En cuanto a la vida terrena, la vida natural que cada uno de nosotros vive en el tiempo y en el espacio, es una vida sumamente imperfecta, porque si bien hay momentos buenos, como por ejemplo de alegría, de fortaleza, de templanza, de calma, de prosperidad, de justicia, de amor, de paz, estos se ven empañados, ya sea porque no se viven en su plenitud máxima, ya sea porque se le oponen momentos de tribulación opuestos. Por ejemplo, si hay alguna alegría, esta alegría es pasajera, nunca es total, perfectísima y siempre se acompaña de algún hecho o acontecimiento que la empaña; si hay algún momento de fortaleza espiritual, este momento también es imperfecto, porque se acompaña de algún hecho que demuestra nuestra debilidad por alguna situación, que demuestra que nuestra fortaleza no se despliega en su totalidad y así con cada una de las características de la vida terrena.
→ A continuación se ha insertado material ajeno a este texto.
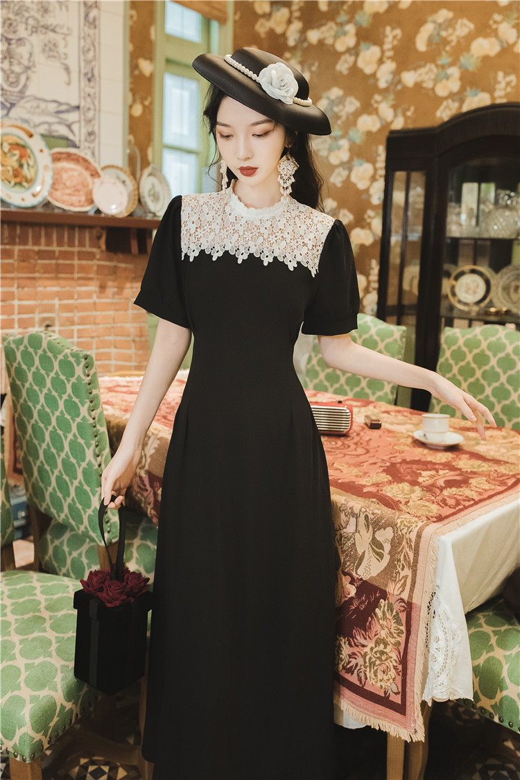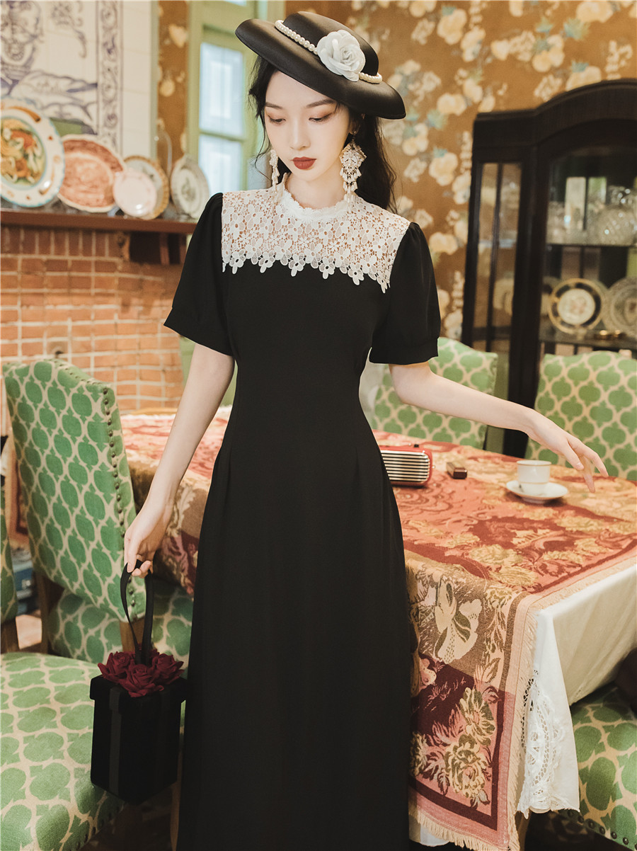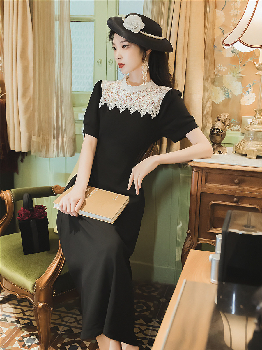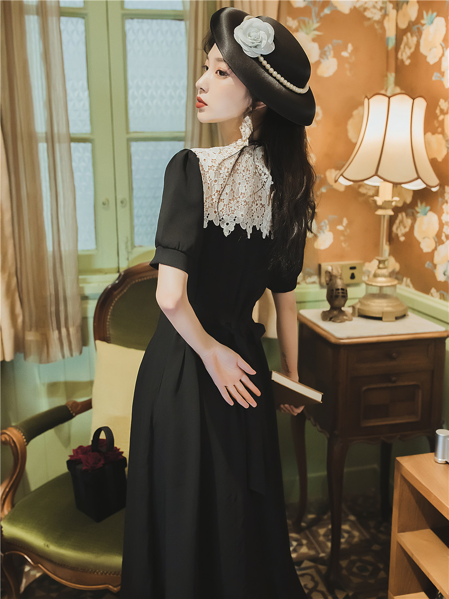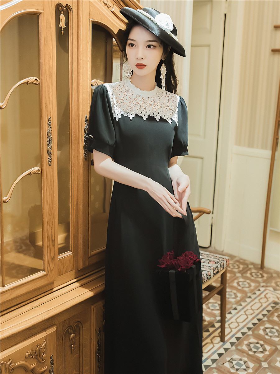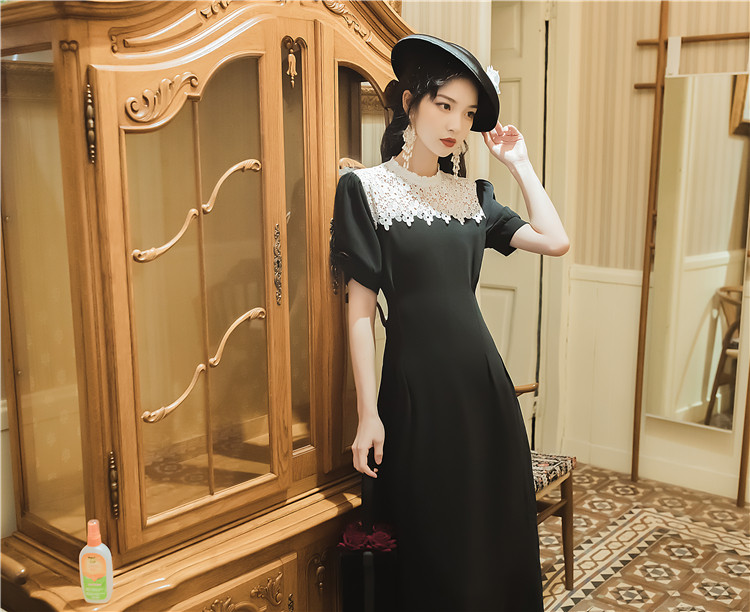 繊細な花柄レースの付け襟が華やかなオケージョン ドレスです。

Con relación al pan terreno, material, ya lo dijimos previamente: solo por analogía podemos decir que concede “vida”, en el sentido de que impide la muerte por inanición, al concedernos sus nutrientes que, por el proceso de la digestión, se incorporan a nuestro organismo y le impiden la autofagia celular, retrasando o posponiendo la muerte por inanición, concediendo además solamente una extensión o prolongación de la vida natural.

Algo muy diferente sucede con el Pan de Vida eterna que concede Jesús, porque la Vida eterna es completamente distinta a la vida natural que nosotros poseemos como seres humanos y porque la Vida eterna que concede el Pan de Vida eterna nada tiene que ver con la vida natural biológica que naturalmente poseemos los seres humanos.

¿En qué consiste la vida eterna?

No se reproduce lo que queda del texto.